IT Pro Resources
Bill Baer on...
In a recent conversation with a colleague I was asked the differences between Windows SharePoint Services 2.0 and 3.0 incremental crawls and the availability of results and thought I would share and explain briefly the differences here:
In Windows SharePoint Services 2.0 when an incremental crawl is run, SharePoint determines whether or not a document has changed and should therefore be included in the incremental crawl results. It does it by performing a hash of the document, if the hash is different between crawls, then so is the document and the document is readily; though, perhaps not immediately available to search results, but are available prior to any complete crawl being run successfully.

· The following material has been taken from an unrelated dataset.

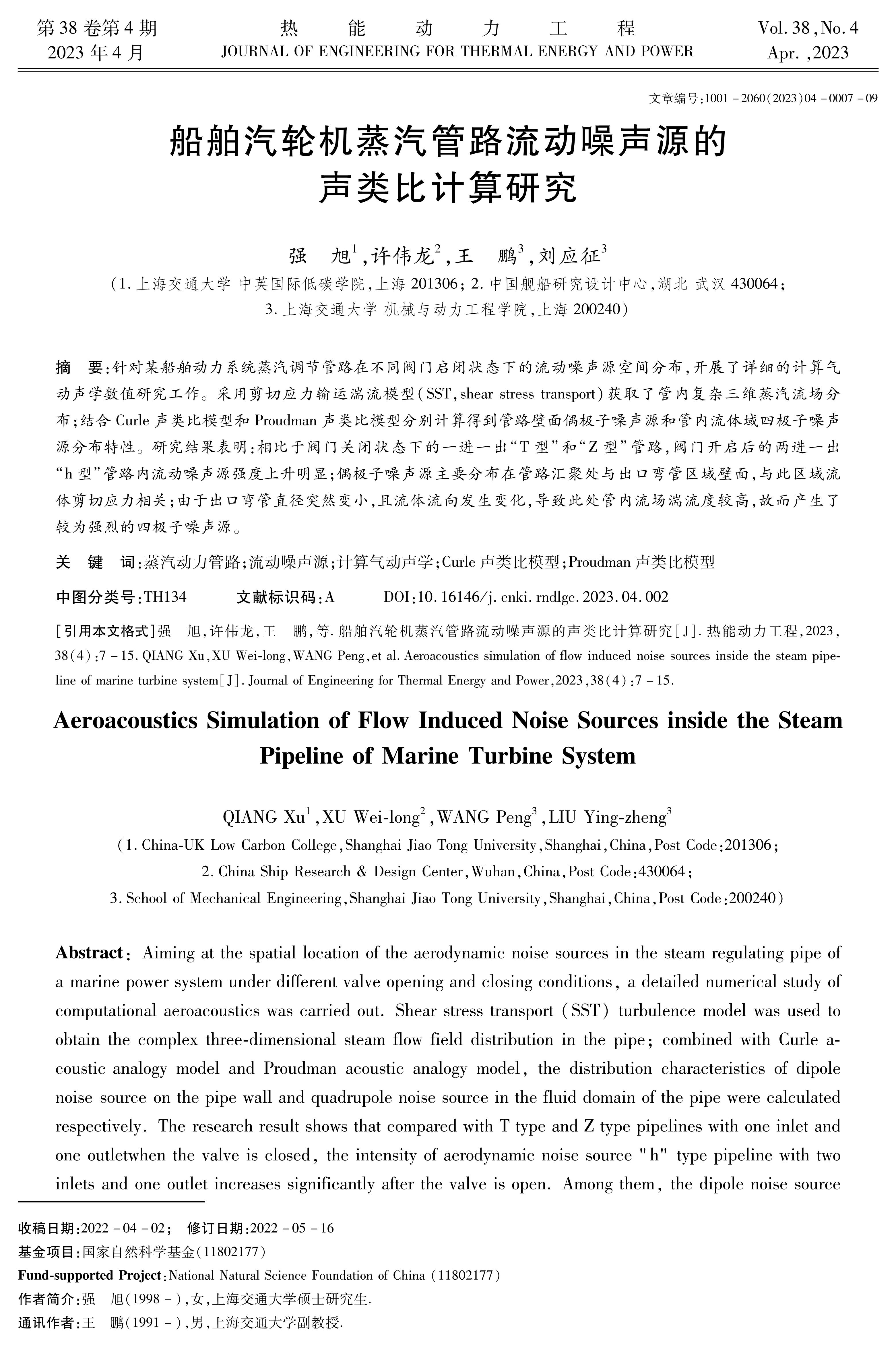 Aiming at the spatial location of the aerodynamic noise sources in the steam regulating pipe of a marine power system under different valve opening and closing conditions, a detailed numerical study of computational aeroacoustics was carried out. Shear stress transport (SST) turbulence model was used to obtain the complex threedimensional steam flow field distribution in the pipe; combined with Curle acoustic analogy model and Proudman acoustic analogy model, the distribution characteristics of dipole noise source on the pipe wall and quadrupole noise source in the fluid domain of the pipe were calculated respectively. The research result shows that compared with T type and Z type pipelines with one inlet and one outletwhen the valve is closed, the intensity of aerodynamic noise source "h" type pipeline with two inlets and one outlet increases significantly after the valve is open. Among them, the dipole noise source is mainly distributed in the pipeline convergence and the wall of outlet elbow area, which is closely related to the local fluid shear stress. The quadrupole noise source is mainly located in the outlet elbow, which is strongly related to higher turbulent kinetic energy distribution of flow field in pipe caused by suddenly becoming small of elbow diameter and the change of flow direction.

For the Windows SharePoint Services 3.0 these rules have changed; the crawler uses the Windows SharePoint Services change log to inform itself of changes made to a site collection. This change log informs the crawler whether items have been added, modified, or deleted and the crawler managed the change according to those variables and will always append to the existing index on the indexer and makes the results immediately available.

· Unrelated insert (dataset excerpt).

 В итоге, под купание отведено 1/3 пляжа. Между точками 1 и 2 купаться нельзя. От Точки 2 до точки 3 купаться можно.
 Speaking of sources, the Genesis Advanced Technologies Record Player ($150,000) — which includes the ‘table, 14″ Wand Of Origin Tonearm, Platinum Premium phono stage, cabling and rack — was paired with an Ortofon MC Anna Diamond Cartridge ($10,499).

In retrospect, the item is not available in search results until it is crawled and propagated (seconds) in Microsoft Office SharePoint Server 2007. It does not wait for the crawl to complete, but happens on an ongoing basis. The key to achieving the most current results propagation are frequent incremental crawls.
What about filesystem indexes? Are they still the same?
A key difference between the file system indexes is that the property store is longer stored on the Index File System as the sps.edb), all the gatherer structures, and the anchor text (all links between the documents) are stored in the search database.